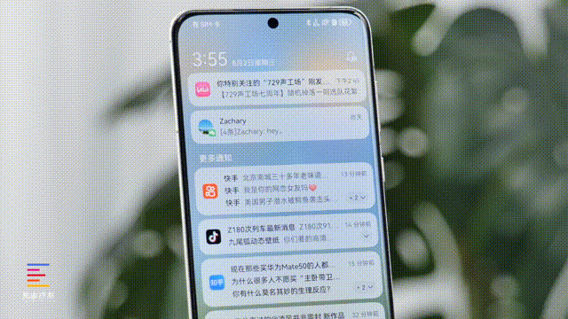 HarmonyOS的通知显示逻辑在这一代也做了调整,在锁屏或者通知中心,系统不再按照之前的时间顺序进行通知排序,而是按照实况窗、社交类通知、其他通知的顺序排列,分出了通知的不同优先级。
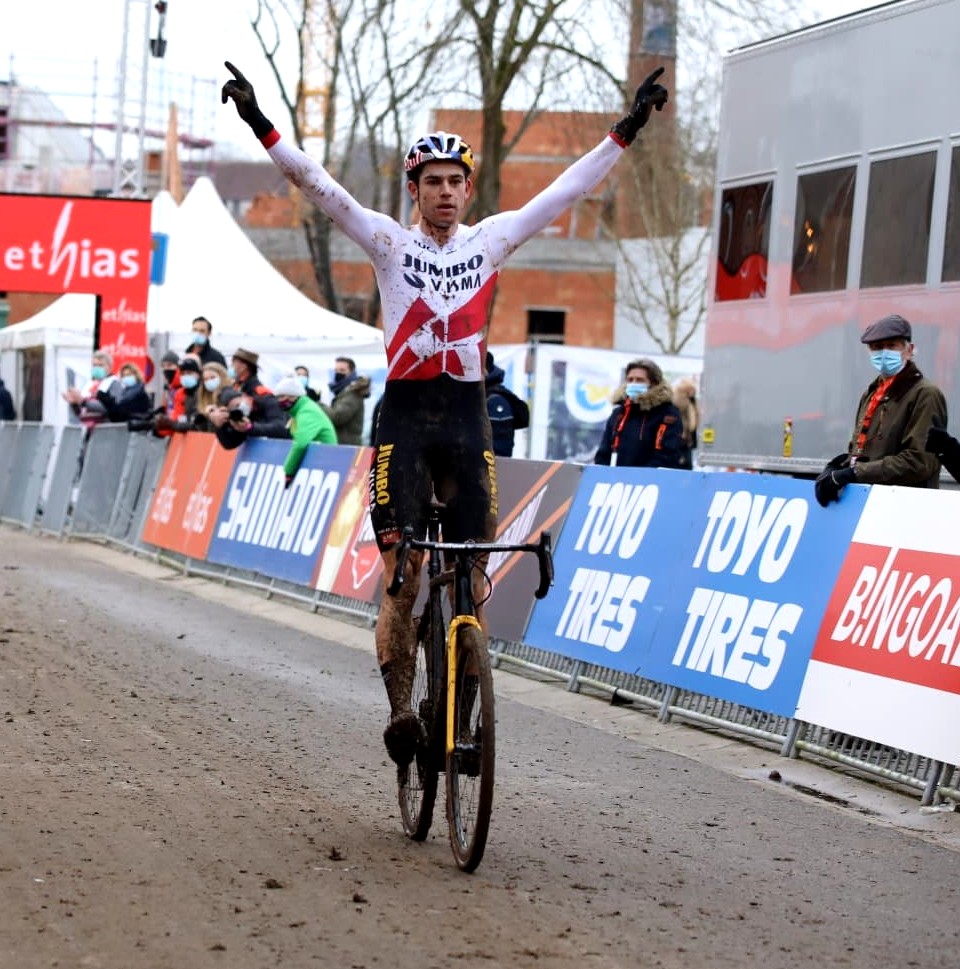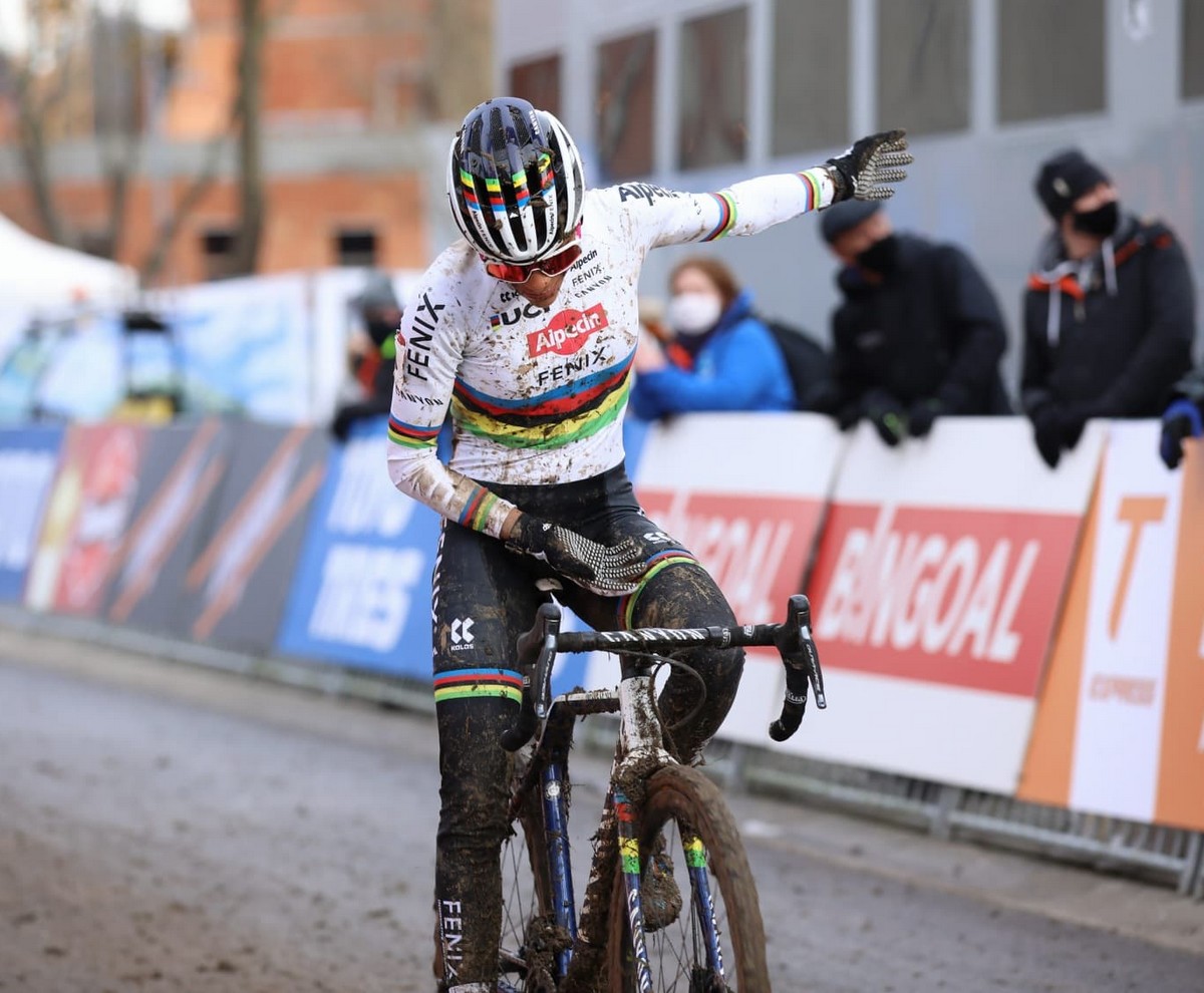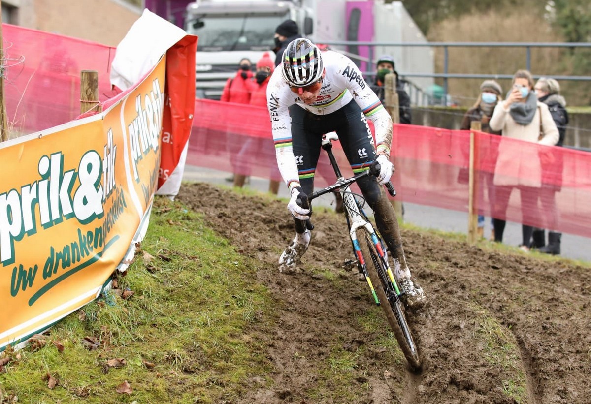 Wout van Aert avait le temps de célébrer, debout sur sa machine, sa deuxième victoire en Coupe du monde cette saison. Elle lui assure la victoire finale au classement général de la Coupe du monde, la troisième de sa carrière. Surtout, il prend un certain ascendant psychologique avec ce succès convaincant, avec près d’une minute d’avance sur son habituel adversaire batave. « Cela me donne quelque chose de plus au niveau mental pour la semaine prochaine. Mais je pense que Mathieu a montré ces dernières semaines qu’il est le favori », décrit Van Aert, qui veut s’enlever une certaine pression des épaules avant les championnats du monde à Ostende, dimanche prochain. « Je pense que c’est du 50-50. J’ai été meilleur ce samedi (NDLR : à Hamme), mais je ne suis pas encore au niveau que je souhaiterais« , rapporte pour sa part le tenant du titre, conscient qu’il sera sur le sable ostendais l’homme à suivre face à l’armada belge, qui comptera neuf hommes grâce au succès de Van Aert.
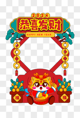 一组2024春节龙年卡通金龙龙爪喜庆元素招财进宝套图合集元素三
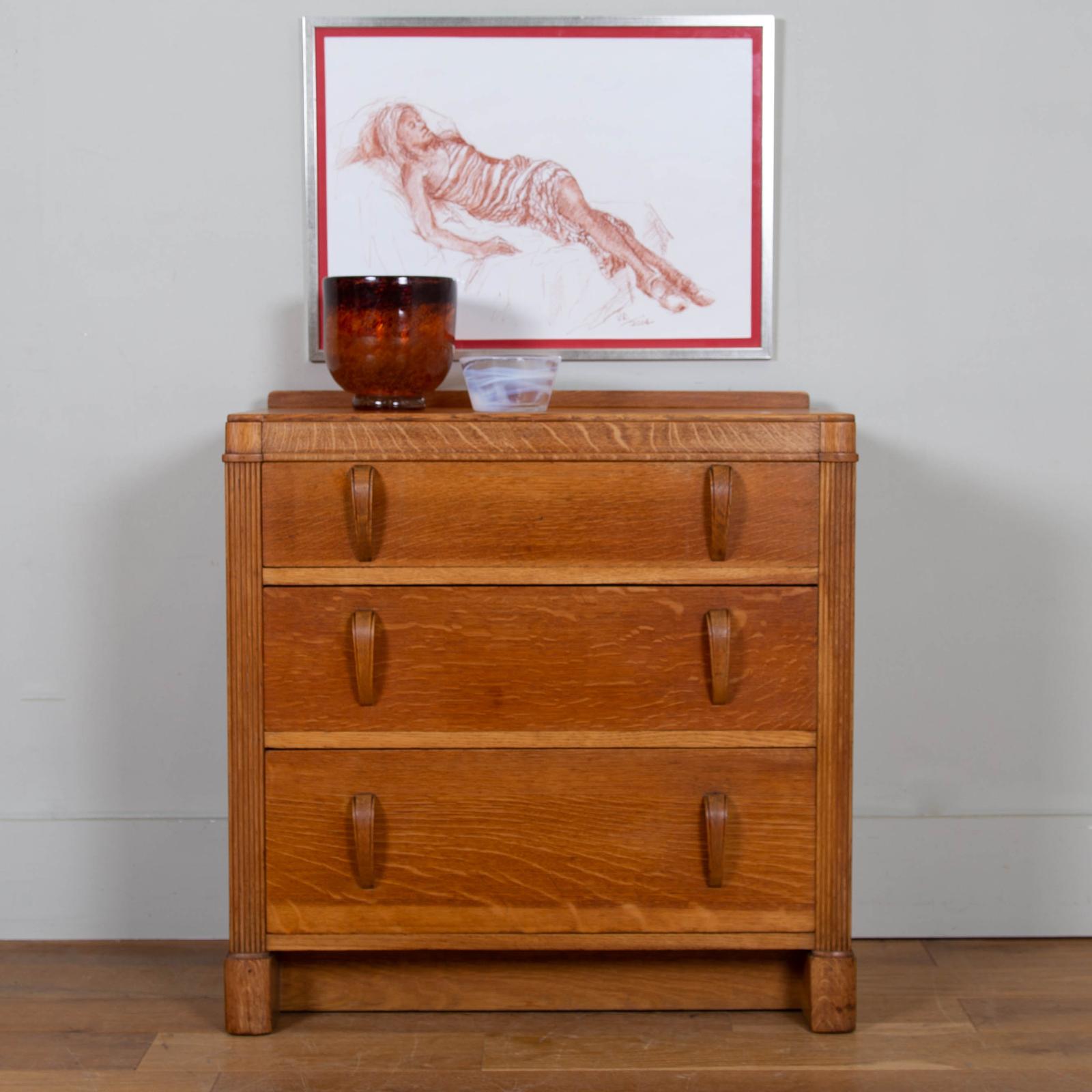 1930s Heal’s of London Odeon Oak Three Drawer Chest No1

※

> _THE PROBLEM_
Apart from the images, please copy every line of the data exactly as written.

> _ANSWER BOX_
 HarmonyOS的通知显示逻辑在这一代也做了调整,在锁屏或者通知中心,系统不再按照之前的时间顺序进行通知排序,而是按照实况窗、社交类通知、其他通知的顺序排列,分出了通知的不同优先级。
 Wout van Aert avait le temps de célébrer, debout sur sa machine, sa deuxième victoire en Coupe du monde cette saison. Elle lui assure la victoire finale au classement général de la Coupe du monde, la troisième de sa carrière. Surtout, il prend un certain ascendant psychologique avec ce succès convaincant, avec près d’une minute d’avance sur son habituel adversaire batave. « Cela me donne quelque chose de plus au niveau mental pour la semaine prochaine. Mais je pense que Mathieu a montré ces dernières semaines qu’il est le favori », décrit Van Aert, qui veut s’enlever une certaine pression des épaules avant les championnats du monde à Ostende, dimanche prochain. « Je pense que c’est du 50-50. J’ai été meilleur ce samedi (NDLR : à Hamme), mais je ne suis pas encore au niveau que je souhaiterais« , rapporte pour sa part le tenant du titre, conscient qu’il sera sur le sable ostendais l’homme à suivre face à l’armada belge, qui comptera neuf hommes grâce au succès de Van Aert.
 一组2024春节龙年卡通金龙龙爪喜庆元素招财进宝套图合集元素三
 1930s Heal’s of London Odeon Oak Three Drawer Chest No1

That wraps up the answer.